* ABOUT THIS TASK *
The task calls for the lines below from the line with "Недавно зашла в" to the line with "Observe in the", both ends included, copied exactly, without any pictures.

* DATASET RECORDS *
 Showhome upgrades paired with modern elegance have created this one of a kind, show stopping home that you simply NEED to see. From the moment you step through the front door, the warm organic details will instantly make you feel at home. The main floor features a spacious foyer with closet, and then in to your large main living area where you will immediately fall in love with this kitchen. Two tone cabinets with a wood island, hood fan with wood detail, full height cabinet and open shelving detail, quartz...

---

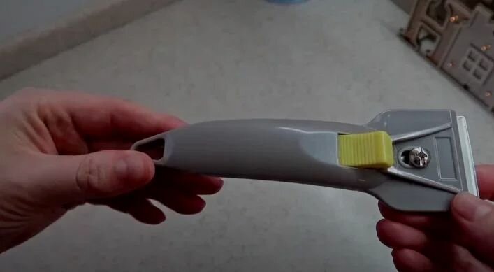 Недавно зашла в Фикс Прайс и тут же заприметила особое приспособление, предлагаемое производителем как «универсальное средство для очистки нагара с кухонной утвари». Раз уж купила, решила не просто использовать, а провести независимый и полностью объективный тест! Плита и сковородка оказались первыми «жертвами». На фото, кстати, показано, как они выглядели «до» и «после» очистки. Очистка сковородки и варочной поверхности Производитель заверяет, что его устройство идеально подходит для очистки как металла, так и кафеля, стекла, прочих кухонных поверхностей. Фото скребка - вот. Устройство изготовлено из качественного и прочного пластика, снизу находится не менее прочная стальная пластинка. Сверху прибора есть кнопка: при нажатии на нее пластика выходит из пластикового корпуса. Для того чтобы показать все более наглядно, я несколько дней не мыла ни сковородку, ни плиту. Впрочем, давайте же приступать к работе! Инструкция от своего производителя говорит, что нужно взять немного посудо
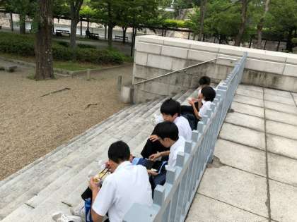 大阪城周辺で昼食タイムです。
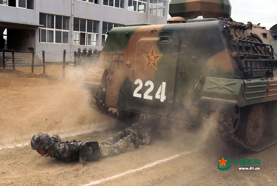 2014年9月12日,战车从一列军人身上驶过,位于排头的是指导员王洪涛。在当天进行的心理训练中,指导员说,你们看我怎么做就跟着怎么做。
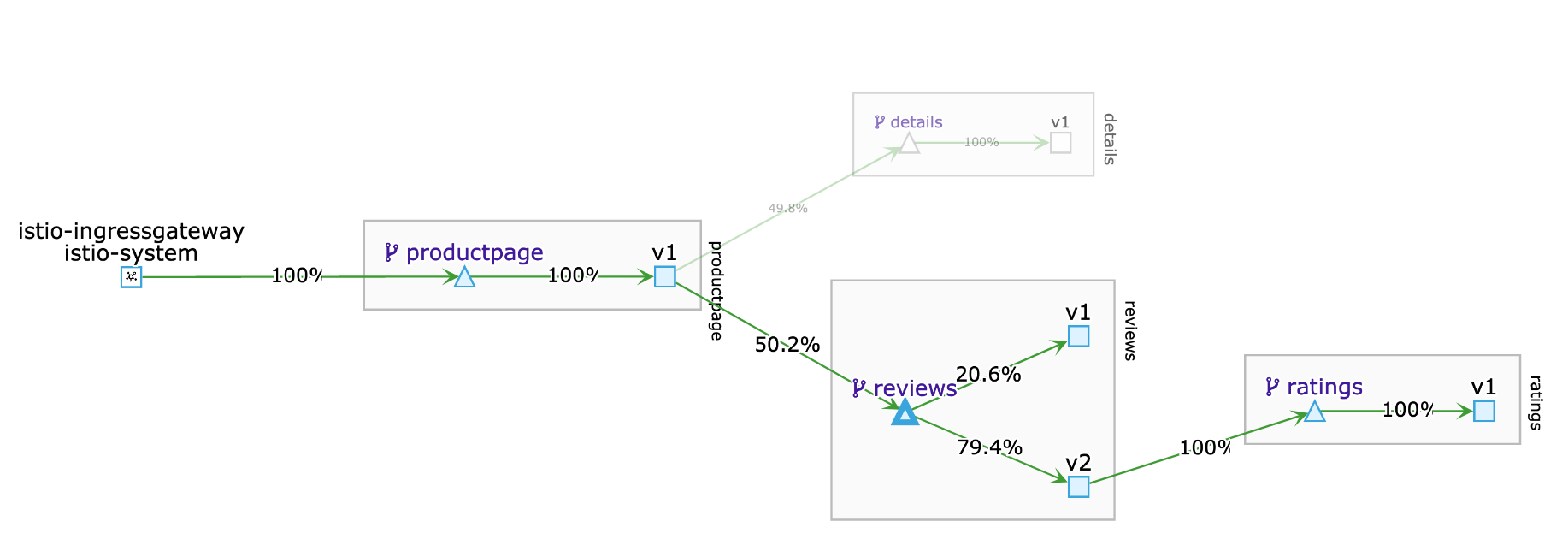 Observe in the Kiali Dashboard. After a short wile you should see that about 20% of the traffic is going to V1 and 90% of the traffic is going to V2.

* EXPECTED ANSWER *
 Недавно зашла в Фикс Прайс и тут же заприметила особое приспособление, предлагаемое производителем как «универсальное средство для очистки нагара с кухонной утвари». Раз уж купила, решила не просто использовать, а провести независимый и полностью объективный тест! Плита и сковородка оказались первыми «жертвами». На фото, кстати, показано, как они выглядели «до» и «после» очистки. Очистка сковородки и варочной поверхности Производитель заверяет, что его устройство идеально подходит для очистки как металла, так и кафеля, стекла, прочих кухонных поверхностей. Фото скребка - вот. Устройство изготовлено из качественного и прочного пластика, снизу находится не менее прочная стальная пластинка. Сверху прибора есть кнопка: при нажатии на нее пластика выходит из пластикового корпуса. Для того чтобы показать все более наглядно, я несколько дней не мыла ни сковородку, ни плиту. Впрочем, давайте же приступать к работе! Инструкция от своего производителя говорит, что нужно взять немного посудо
 大阪城周辺で昼食タイムです。
 2014年9月12日,战车从一列军人身上驶过,位于排头的是指导员王洪涛。在当天进行的心理训练中,指导员说,你们看我怎么做就跟着怎么做。
 Observe in the Kiali Dashboard. After a short wile you should see that about 20% of the traffic is going to V1 and 90% of the traffic is going to V2.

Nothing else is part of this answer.